*DATA SHOWN:*

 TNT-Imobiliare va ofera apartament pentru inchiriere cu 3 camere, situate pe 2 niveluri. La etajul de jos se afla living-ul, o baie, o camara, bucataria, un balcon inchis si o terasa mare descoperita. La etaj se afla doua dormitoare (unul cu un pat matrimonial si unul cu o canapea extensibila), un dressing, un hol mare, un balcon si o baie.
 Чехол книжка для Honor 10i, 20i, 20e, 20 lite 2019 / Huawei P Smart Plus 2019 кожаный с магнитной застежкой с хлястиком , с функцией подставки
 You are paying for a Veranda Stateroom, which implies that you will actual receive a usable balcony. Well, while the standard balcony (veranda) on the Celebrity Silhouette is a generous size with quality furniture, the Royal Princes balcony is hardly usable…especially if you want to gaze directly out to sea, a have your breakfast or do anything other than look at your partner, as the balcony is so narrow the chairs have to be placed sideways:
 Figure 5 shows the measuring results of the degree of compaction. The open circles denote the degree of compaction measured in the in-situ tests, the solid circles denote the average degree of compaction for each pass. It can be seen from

---

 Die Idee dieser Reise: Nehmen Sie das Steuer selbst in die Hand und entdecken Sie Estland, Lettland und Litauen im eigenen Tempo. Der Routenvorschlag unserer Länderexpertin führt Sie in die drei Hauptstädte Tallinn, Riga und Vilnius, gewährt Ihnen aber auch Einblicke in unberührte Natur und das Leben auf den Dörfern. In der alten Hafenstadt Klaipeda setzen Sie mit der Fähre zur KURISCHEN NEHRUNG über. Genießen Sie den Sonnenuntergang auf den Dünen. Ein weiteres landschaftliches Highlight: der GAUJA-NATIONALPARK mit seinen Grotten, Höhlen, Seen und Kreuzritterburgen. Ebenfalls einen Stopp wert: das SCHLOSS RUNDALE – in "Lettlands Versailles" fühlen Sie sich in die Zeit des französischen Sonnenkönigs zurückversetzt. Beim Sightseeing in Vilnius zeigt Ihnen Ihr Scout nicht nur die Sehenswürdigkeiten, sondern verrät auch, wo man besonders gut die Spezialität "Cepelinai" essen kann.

*PROBLEM DETAILS:*
Print, from the entries above, the line with "Чехол книжка для", the line with "You are paying" and all lines between them, exactly and with nothing else.

*SOLUTION TO THE EXERCISE:*
 Чехол книжка для Honor 10i, 20i, 20e, 20 lite 2019 / Huawei P Smart Plus 2019 кожаный с магнитной застежкой с хлястиком , с функцией подставки
 You are paying for a Veranda Stateroom, which implies that you will actual receive a usable balcony. Well, while the standard balcony (veranda) on the Celebrity Silhouette is a generous size with quality furniture, the Royal Princes balcony is hardly usable…especially if you want to gaze directly out to sea, a have your breakfast or do anything other than look at your partner, as the balcony is so narrow the chairs have to be placed sideways:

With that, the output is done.